The solutions to this problem will be painful and divisive. On the other hand, the plan is profoundly disappointing. Although it contains a number of proposals that budget analysts of both parties have long advocated, it sets unnecessarily strict targets that make needed political agreements needlessly difficult and it is vague where specificity is badly needed.
All responsible budget analysts agree that the United States faces a daunting deficit problem. It should be addressed soon. But how soon is not clear. After the recovery is well under way, most would agree, and certainly before the debt/GDP ratio gets too large. What is not clear is what “well under way” means and whether it will happen soon enough to prevent to debt/Gross Domestic Product ratio from getting too large. The Bowles-Simpson plan would start deficit reduction in fiscal 2012, which starts on October 1, 2011, not even eleven months from now. Since unemployment is likely then to still be in the vicinity of 9 percent or higher, that is too soon, as premature deficit reduction could intensify and lengthen the recession. This is not a minor issue, as nothing more effectively depresses revenues and generates deficits than a weak economy.
Even more troubling than timing, is the program itself. Over the first nine years, 70 percent of the deficit reduction under the Bowles-Simpson “mark” would come from spending cuts, 30 percent from added taxes. The steady-state spending level, as a share of GDP, would be 20.5 percent of GDP. That is lower than spending averaged from 1980 to 2008 when none of the baby boomers had yet retired and claimed Social Security and Medicare and when spending on health care per person was a minor fraction of what it will be in 2020.
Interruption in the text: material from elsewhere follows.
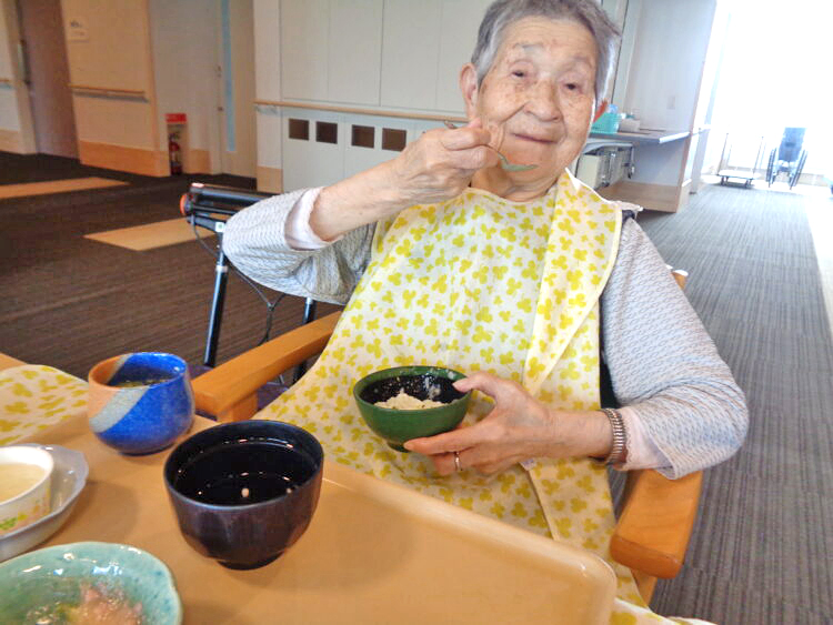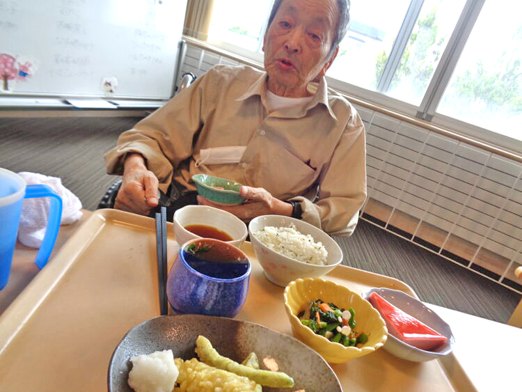 昼食は豪華に天婦羅や茶わん蒸し、ケーキが出ました。皆さん大満足のようでした。 K.S.

● The plan calls for a reduction from baseline in federal health care spending of about one-third by 2040, but doesn’t say how that target will be achieved.
● The plan would block grant Medicaid payments for long-term care, which would increase the marginal cost to the states of Medicaid— benefit levels and coverage—by anywhere from 100 percent to more than 200 percent. The result would be powerful incentives to cut benefits.
● The plan presents four options for modifying the tax system, but doesn’t endorse any. All would tax capital gains as ordinary income, which means doubling the rate on them.
● All tax plans would end or curb deductions for charitable contributions. That would curtail the capacity of the private sector to provide relief to vulnerable populations, at the same time that the principal programs supporting these very populations – Medicare, Medicaid and Social Security -- would be slashed.
● The deductions for mortgage interest and property taxes would be curbed or eliminated—this, during the most severe housing price collapse in at least seventy-five years.
● Deductions for contributions to IRAs, Keogh plans, and 401k plans would be ended.